Fine by me. But can we then at least put that rationale in the documentation (or the change record)?

catch’s picture

Added some extra docs, not sure if that's enough to clarify though. Also it's really at this point clarifying the existing design of the page cache rather than the behaviour added by the patch.

catch’s picture

alexpott’s picture

Issue tags: +Triaged D8 critical

Discussed with @catch, @effulgentsia, @xjm and @webchick. We decided to keep this critical since it is an avenue for DDOS and could result in data loss.

Berdir’s picture

  1. +++ b/core/modules/page_cache/src/StackMiddleware/PageCache.php
    @@ -244,14 +245,33 @@ protected function fetch(Request $request, $type = self::MASTER_REQUEST, $catch
    -    $date = $response->getExpires()->getTimestamp();
    -    $expire = ($date > time()) ? $date : Cache::PERMANENT;
    -    $this->set($request, $response, $expire, $tags);
    +    $expire = 0;
    +    // 403 and 404 responses can fill non-LRU cache backends and generally are
    +    // likely to have a low cache hit rate.
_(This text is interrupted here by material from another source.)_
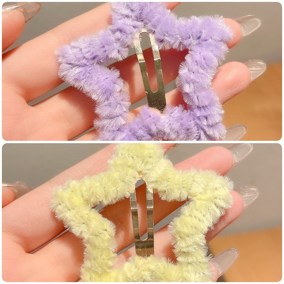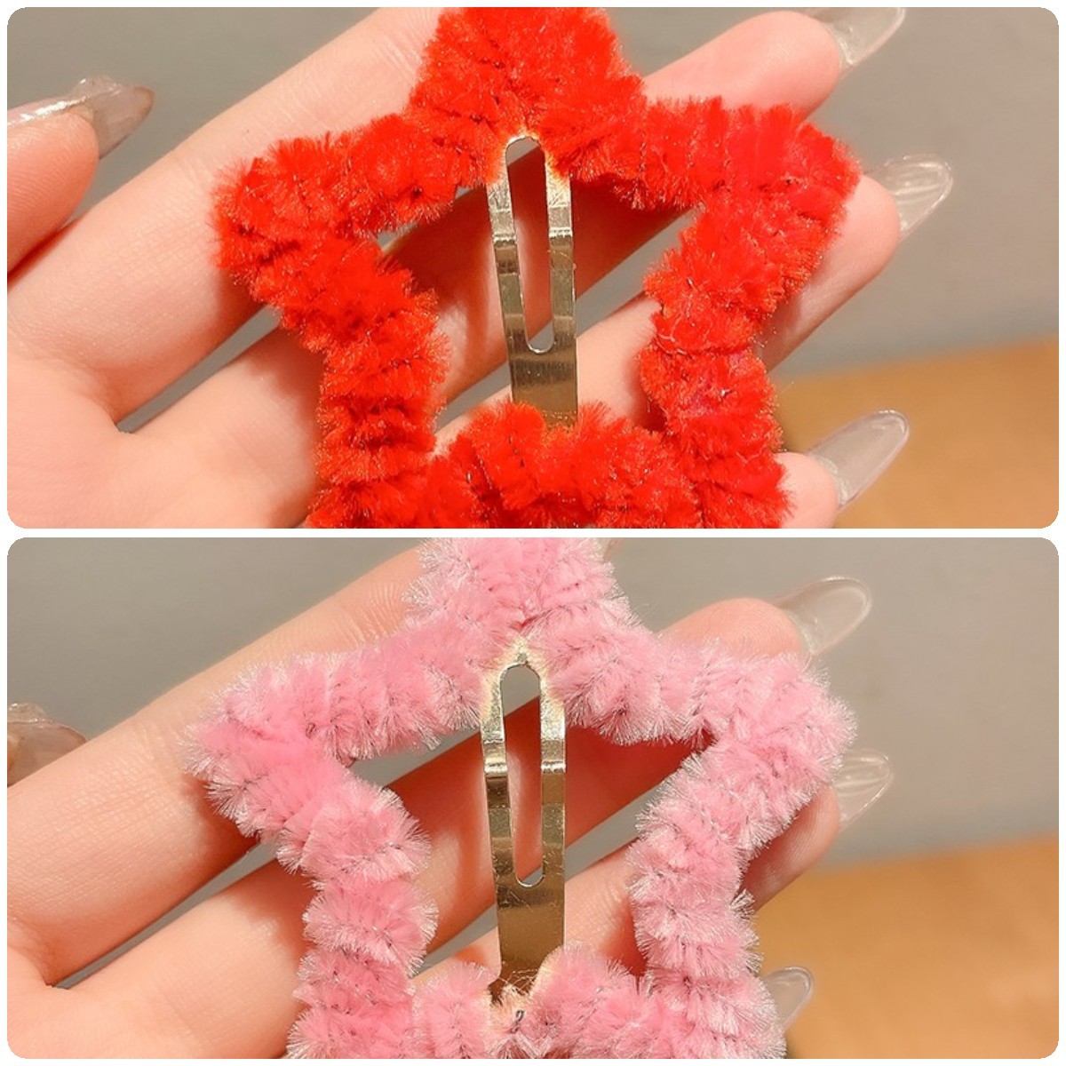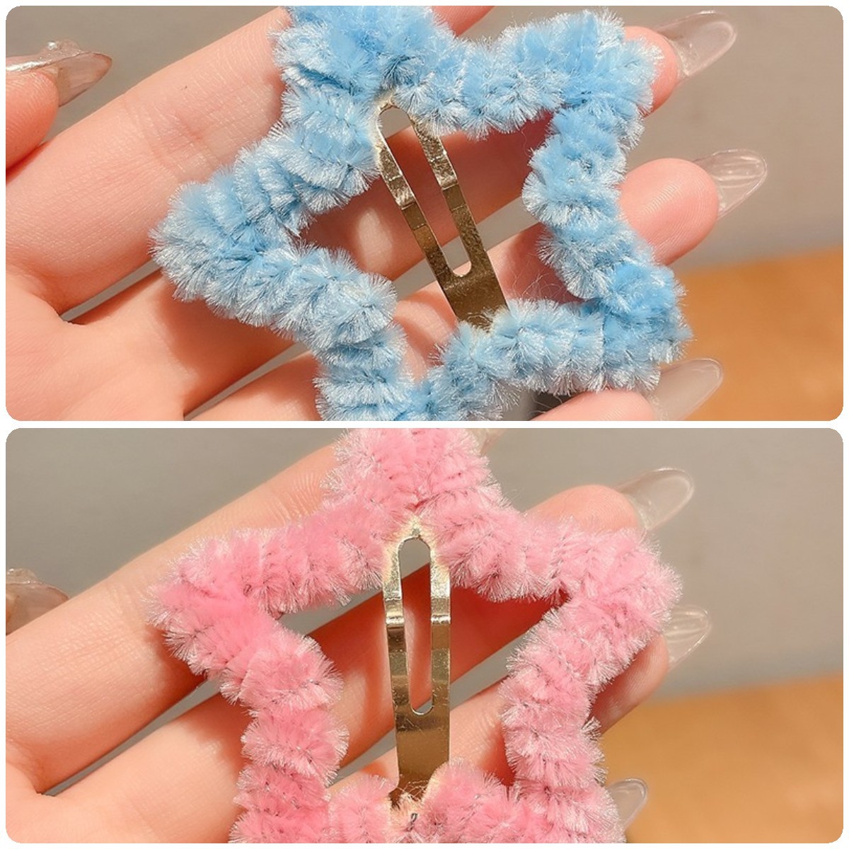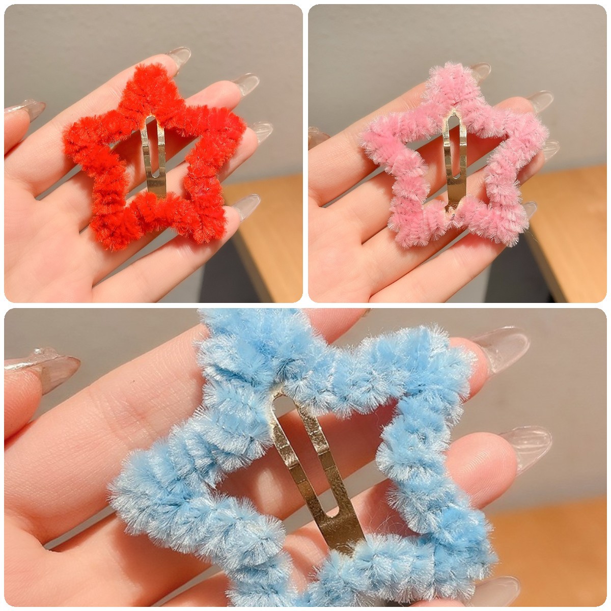 秋冬毛绒星星发夹边夹侧边刘海夹子头饰女碎发bb夹五角星毛毛发卡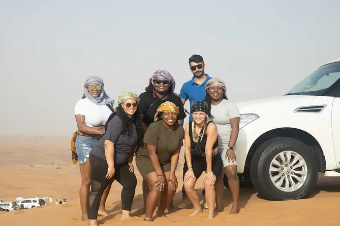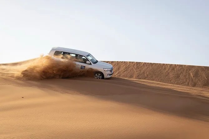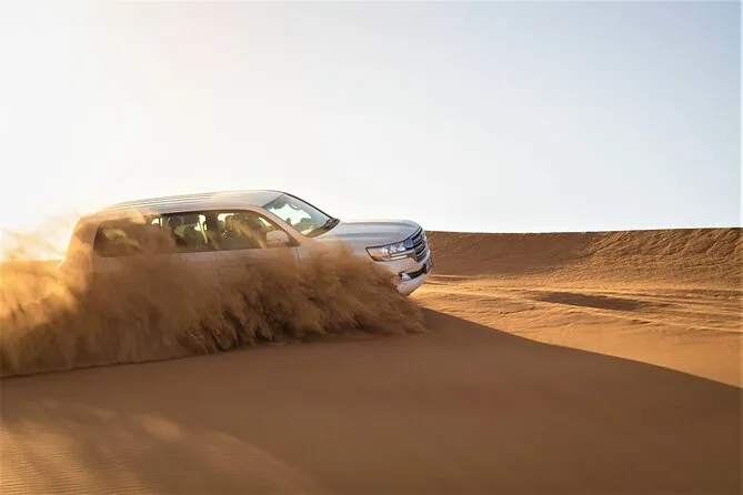Your morning includes hotel pickup in an air-conditioned Land Cruiser, plenty of cold mineral water or soft drinks along the way, about 30–40 minutes of dune bashing led by a licensed English-speaking guide, time to try sandboarding on gentle slopes (with help if you want), photos holding a falcon handled by a local trainer, plus an easygoing camel ride before returning to your hotel in Dubai City.

So do not cache them permanently.
    

    Wondering if it would be worth it to still respect the Expires header, and only do the default 403/404 logic if no specific header is set.

    But probably not..

  2. +++ b/core/modules/page_cache/src/StackMiddleware/PageCache.php
    @@ -244,14 +245,33 @@ protected function fetch(Request $request, $type = self::MASTER_REQUEST, $catch
    +      // Cache for an hour by default. If the ttl is set to 0 then do not cache
    +      // the response
    +      $settings_ttl = Settings::get('negative_cache_ttl', 3600);
    

    Would it make sense to also respect this for the max-age header that we send out?

    I guess that could be a non-critial follow-up?

  3. +++ b/core/modules/page_cache/src/StackMiddleware/PageCache.php
    @@ -244,14 +245,33 @@ protected function fetch(Request $request, $type = self::MASTER_REQUEST, $catch
    +      if ($settings_ttl > 0) {
    +        $expire = REQUEST_TIME + $settings_ttl;
    +      }
    

    Not sure about our guideline for using or not using REQUEST_TIME.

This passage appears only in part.